Financial highlights

  • Sales reached 867,619 tons, up 4% from the previous quarter and 27% year-over-year; production was 840,688 tons, up 1% quarter-on-quarter and 13% year-over-year.

  • Average CIF price for high-grade lumpy ore was US$4.10/dmtu, up from US$3.86/dmtu in Q1 FY2026; average realized prices for manganese ore rose 6% quarter-on-quarter.

  • Operating costs were $2.24 USD FOB per dmtu, slightly down quarter-on-quarter and 8% year-over-year.

  • Cash at Tshipi was steady at AUD 137 million, down 2% from the previous quarter after tax and royalty payments.

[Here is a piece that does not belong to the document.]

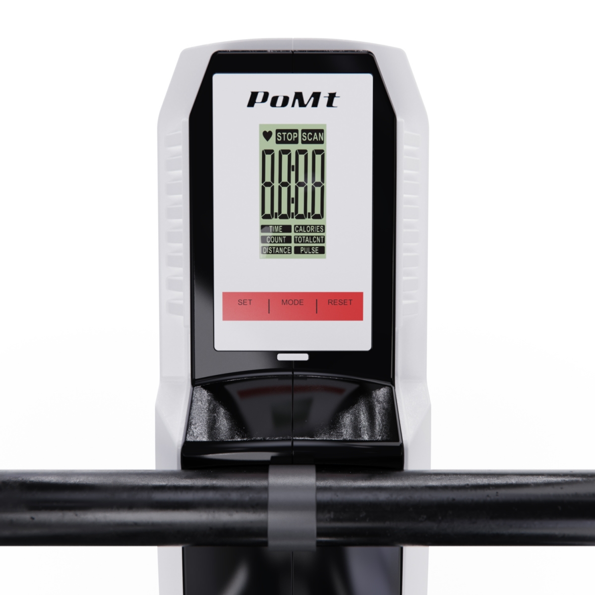 Монохромный LCD-дисплей отображает основные параметры тренировки, такие как пульс, время, количество гребков, общее количество гребков и калории, а также имеет режим сканирования. Размер консоли 15 х 9,5 х 3 см. Для работы консоли в комплект входят две батарейки типа АА.

  • Marketing entity EBITDA was A$2.0m, with NPAT of A$1.4m for the quarter.

Outlook and guidance

  • Interim dividend decision for 31 December will be made in the next month, following the usual two-step process.

  • Market conditions remain supportive post-quarter, with strong manganese prices, stable stockpiles, and favorable freight rates.

  • Most market forecasts for the next six months have been revised upwards, reflecting robust demand and supportive FX trends.

  • Manganese prices expected to remain supported by seasonal restocking in China and robust alloy production.

  • Freight rates decreased by 6% post quarter-end, potentially supporting margins.